In SPC RAS, a neural network was taught to "read lips" to improve the accuracy of speech recognition

Professionals of the St. Petersburg Federal Research Center of the Russian Academy of Sciences (SPC RAS) have learned to recognize human speech by lips via artificial intelligence algorithms and "computer vision". The development will contribute to improving the accuracy of voice assistants in noisy environment, like, crowded places or at controling heavy machinery.

Today, systems able to recognize human speech (sound signal) for automated command execution are being actively implemented in a variety of areas, from cell phones to combat helicopters. As a rule they are used by people with limb injuries or operators of complex equipment whose hands are kept busy. Lately, in order to increase users’ comfort, such systems are gaining a rising popularity in various business areas, gadgets and smart home systems with voice control. Although modern recognition systems have significantly advanced in the accuracy of speech interpretation, nevertheless at heavy noise (loud sounds from equipment or from crowded places) their effectiveness may decrease dramatically.

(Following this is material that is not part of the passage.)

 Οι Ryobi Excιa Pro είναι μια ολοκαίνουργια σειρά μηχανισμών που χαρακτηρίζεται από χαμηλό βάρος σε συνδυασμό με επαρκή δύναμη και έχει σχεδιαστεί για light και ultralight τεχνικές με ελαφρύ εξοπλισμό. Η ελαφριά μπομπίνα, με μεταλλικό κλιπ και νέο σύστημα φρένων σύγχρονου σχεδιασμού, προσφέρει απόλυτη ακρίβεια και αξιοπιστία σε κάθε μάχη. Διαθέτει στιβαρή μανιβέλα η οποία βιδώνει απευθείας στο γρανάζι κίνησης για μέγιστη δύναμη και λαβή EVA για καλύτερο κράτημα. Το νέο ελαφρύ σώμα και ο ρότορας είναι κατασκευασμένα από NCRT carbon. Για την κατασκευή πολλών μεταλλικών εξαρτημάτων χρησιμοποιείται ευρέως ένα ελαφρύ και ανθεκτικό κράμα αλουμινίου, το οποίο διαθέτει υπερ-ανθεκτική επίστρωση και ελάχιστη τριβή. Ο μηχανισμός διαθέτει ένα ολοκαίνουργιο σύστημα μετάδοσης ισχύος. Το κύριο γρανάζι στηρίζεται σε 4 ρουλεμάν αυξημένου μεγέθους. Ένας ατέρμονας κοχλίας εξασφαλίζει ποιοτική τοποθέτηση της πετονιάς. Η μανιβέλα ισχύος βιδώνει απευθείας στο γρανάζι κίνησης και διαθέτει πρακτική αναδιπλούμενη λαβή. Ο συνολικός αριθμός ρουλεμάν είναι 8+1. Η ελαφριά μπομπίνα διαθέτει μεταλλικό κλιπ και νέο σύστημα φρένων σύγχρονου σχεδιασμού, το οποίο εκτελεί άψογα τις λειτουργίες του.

"We have developed a smartphone application that recognizes the sounding speech and “reads lips” by analyzing the video signal from the gadget's camera. The program combines and analyzes information from two sources to improve recognition accuracy. Experiments have shown that such a hybrid system is significantly effective at recognizing human commands under difficult and noisy conditions," says Denis Ivanko, Senior Researcher of the Laboratory of Speech and Multimodal Interfaces at SPC RAS.

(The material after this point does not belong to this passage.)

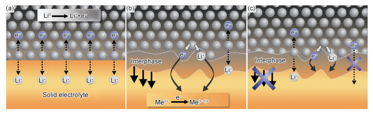 圖2 (a)非反應(yīng)和熱力學(xué)穩(wěn)定界面;(b)反應(yīng)和混合導(dǎo)電界面(MCI);(c)反應(yīng)和亞穩(wěn)固態(tài)電解質(zhì)界面(SEI)(來源:朱曉琪等.鋰金屬電池中復(fù)合固態(tài)電解質(zhì)與負(fù)極界面的研究進(jìn)展)

According to D. Ivanko, the application works by analogy with the principle of the cognitive system of a human who, while speaking in a noisy place, involuntarily pays attention to the lips of the interlocutor, trying to lip-read information that he might not have heard. This feature has been confirmed by scientific experiments, when people at noisy conditions were offered to recognize only audio or only visual information. However, the best results were demonstrated by the group that received both types of data. Application is based on a neural network model that has been taught to recognize several hundred of the most common commands by an audio-visual signal (video recordings accompanied by sound). Moreover, according to scientists, the developed neural network is able to perceive an audiovisual signal and automatically make a decision what data (video or sound, or both) will give maximum accuracy during recognition. During the experiments, the application was used by drivers of noisy heavy trucks at the big logistics company in Russia. For the sake of experiment validity, the software was installed on the smartphones of the subjects. The accuracy of command recognition based on visual effects alone was 60-80%, and in combination with an audio signal – over 90%.

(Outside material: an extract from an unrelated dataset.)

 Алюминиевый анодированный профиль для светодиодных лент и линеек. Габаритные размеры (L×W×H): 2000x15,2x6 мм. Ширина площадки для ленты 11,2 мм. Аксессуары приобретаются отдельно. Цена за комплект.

"Also last year, at specialized international scientific competitions, our model took the first place in the world in terms of the accuracy of speech lips-reading of the speaker. Participants trained their neural networks on an open database of English-language data consisting of 500 thousand videos and tested them on a set of 25 thousand records. The accuracy of our model turned out to be close to 90% of recognition based only on the movements of the speakers' lips. We assume that in the future our application may be used by pilots of aircrafts and heavy industrial equipment or in interactive information kiosks at shopping malls and other crowded places," explains Denis Ivanko.

This research is supported by the RSF Grant (No. 21-71-00132). In addition, a certificate of state registration has been received for the developed software. The answers to these questions were presented at the International Signal Processing Conference (EUSIPCO).